• [Aim of the task]
Write out again the lines from the line with "Torretta con equipaggio" up to and including the line with "- A large fibre-lined", exactly as they stand below, and skip any picture.

[Stored entries]
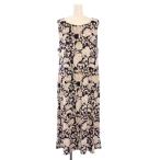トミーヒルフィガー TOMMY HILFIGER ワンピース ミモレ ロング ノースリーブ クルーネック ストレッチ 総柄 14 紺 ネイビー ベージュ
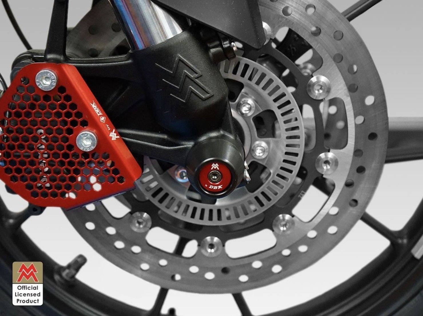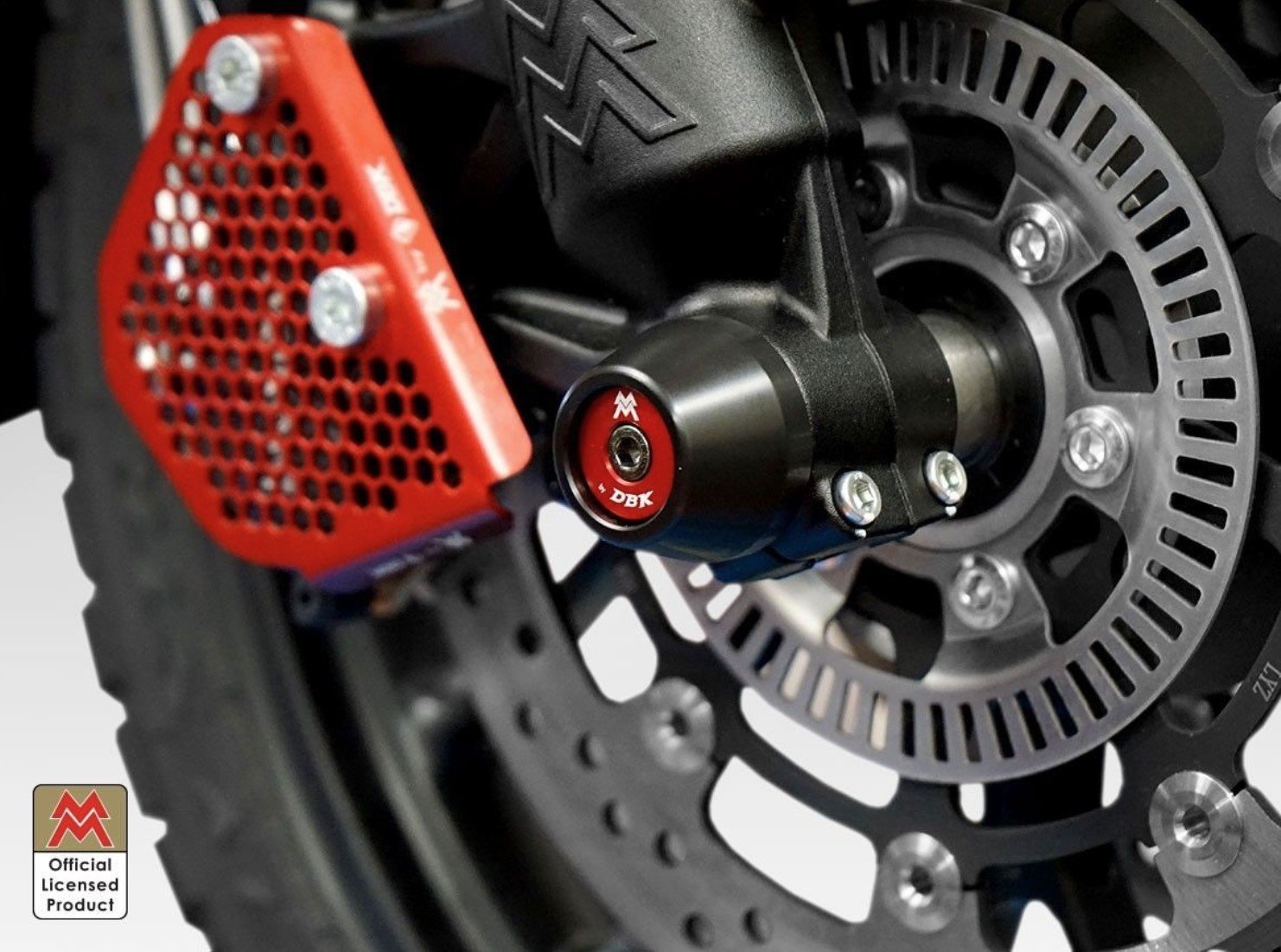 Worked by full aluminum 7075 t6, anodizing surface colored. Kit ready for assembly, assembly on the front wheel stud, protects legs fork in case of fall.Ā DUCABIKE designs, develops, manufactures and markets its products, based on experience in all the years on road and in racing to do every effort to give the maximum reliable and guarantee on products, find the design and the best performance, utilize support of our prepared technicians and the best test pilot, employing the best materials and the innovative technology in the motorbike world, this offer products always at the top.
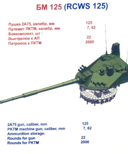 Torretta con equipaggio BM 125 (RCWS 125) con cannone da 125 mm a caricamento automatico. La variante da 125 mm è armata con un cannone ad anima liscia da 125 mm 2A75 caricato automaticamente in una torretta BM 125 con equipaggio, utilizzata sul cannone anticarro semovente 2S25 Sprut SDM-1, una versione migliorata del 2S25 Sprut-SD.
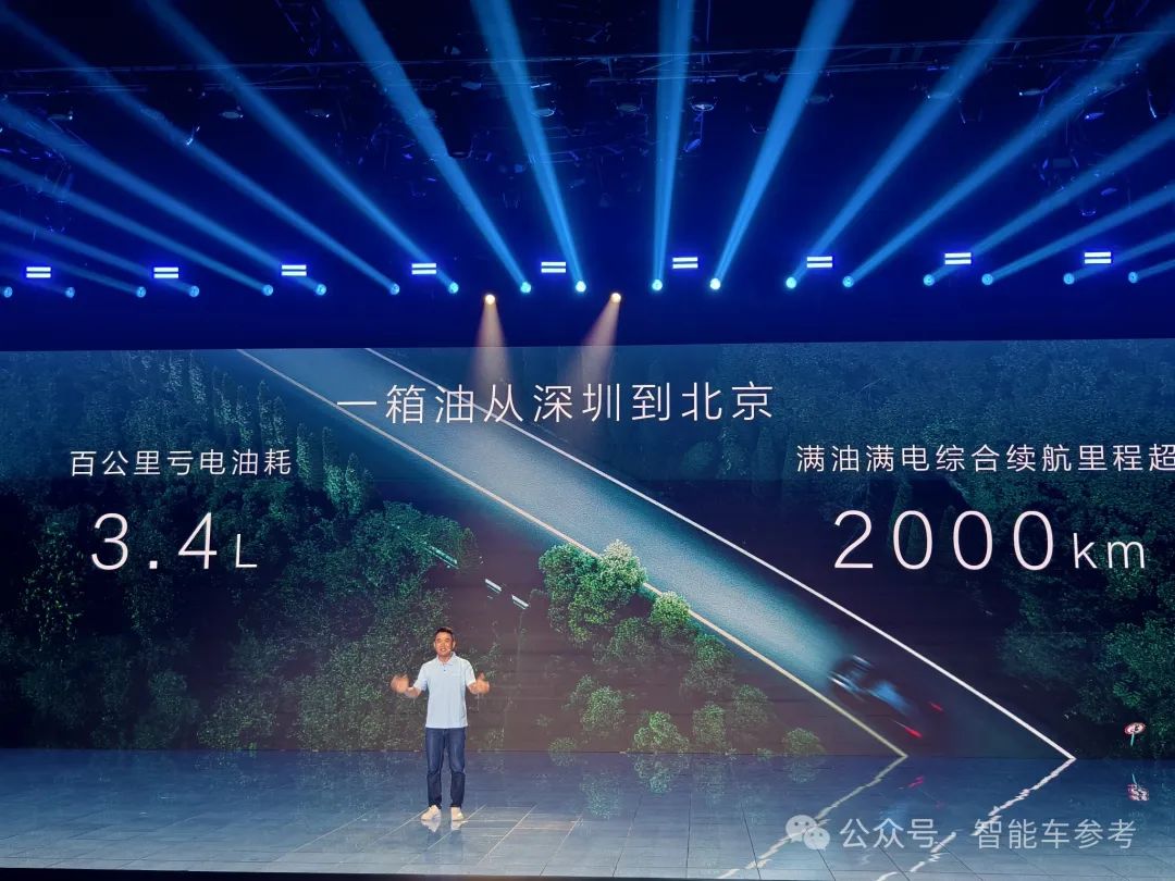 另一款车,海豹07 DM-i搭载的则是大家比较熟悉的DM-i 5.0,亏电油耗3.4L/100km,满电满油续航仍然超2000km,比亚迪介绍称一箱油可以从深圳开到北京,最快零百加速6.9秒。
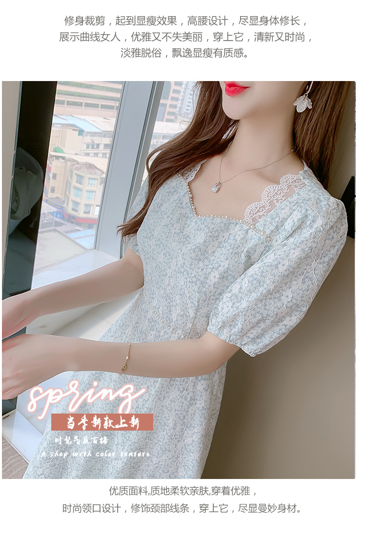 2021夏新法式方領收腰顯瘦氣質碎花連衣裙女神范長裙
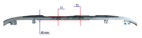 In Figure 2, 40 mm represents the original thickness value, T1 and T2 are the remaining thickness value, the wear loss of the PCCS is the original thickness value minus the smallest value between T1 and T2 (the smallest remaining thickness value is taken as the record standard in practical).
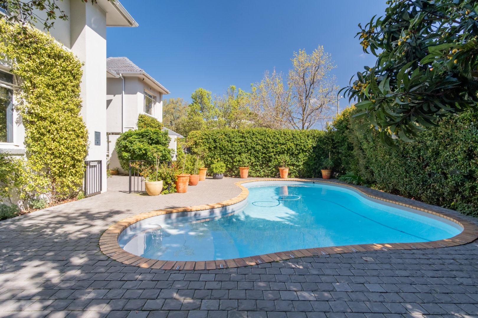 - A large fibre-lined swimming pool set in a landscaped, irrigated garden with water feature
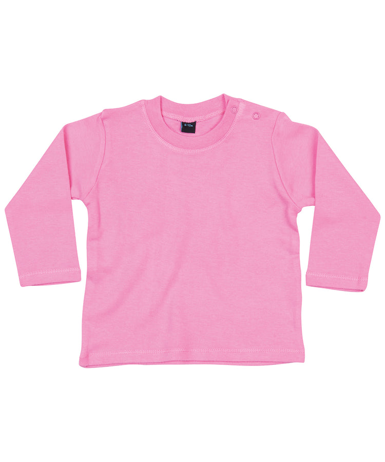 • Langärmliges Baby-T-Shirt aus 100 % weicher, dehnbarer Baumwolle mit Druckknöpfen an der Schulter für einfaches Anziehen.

• [Solution to this task]
 Torretta con equipaggio BM 125 (RCWS 125) con cannone da 125 mm a caricamento automatico. La variante da 125 mm è armata con un cannone ad anima liscia da 125 mm 2A75 caricato automaticamente in una torretta BM 125 con equipaggio, utilizzata sul cannone anticarro semovente 2S25 Sprut SDM-1, una versione migliorata del 2S25 Sprut-SD.
 另一款车,海豹07 DM-i搭载的则是大家比较熟悉的DM-i 5.0,亏电油耗3.4L/100km,满电满油续航仍然超2000km,比亚迪介绍称一箱油可以从深圳开到北京,最快零百加速6.9秒。
 2021夏新法式方領收腰顯瘦氣質碎花連衣裙女神范長裙
 In Figure 2, 40 mm represents the original thickness value, T1 and T2 are the remaining thickness value, the wear loss of the PCCS is the original thickness value minus the smallest value between T1 and T2 (the smallest remaining thickness value is taken as the record standard in practical).
 - A large fibre-lined swimming pool set in a landscaped, irrigated garden with water feature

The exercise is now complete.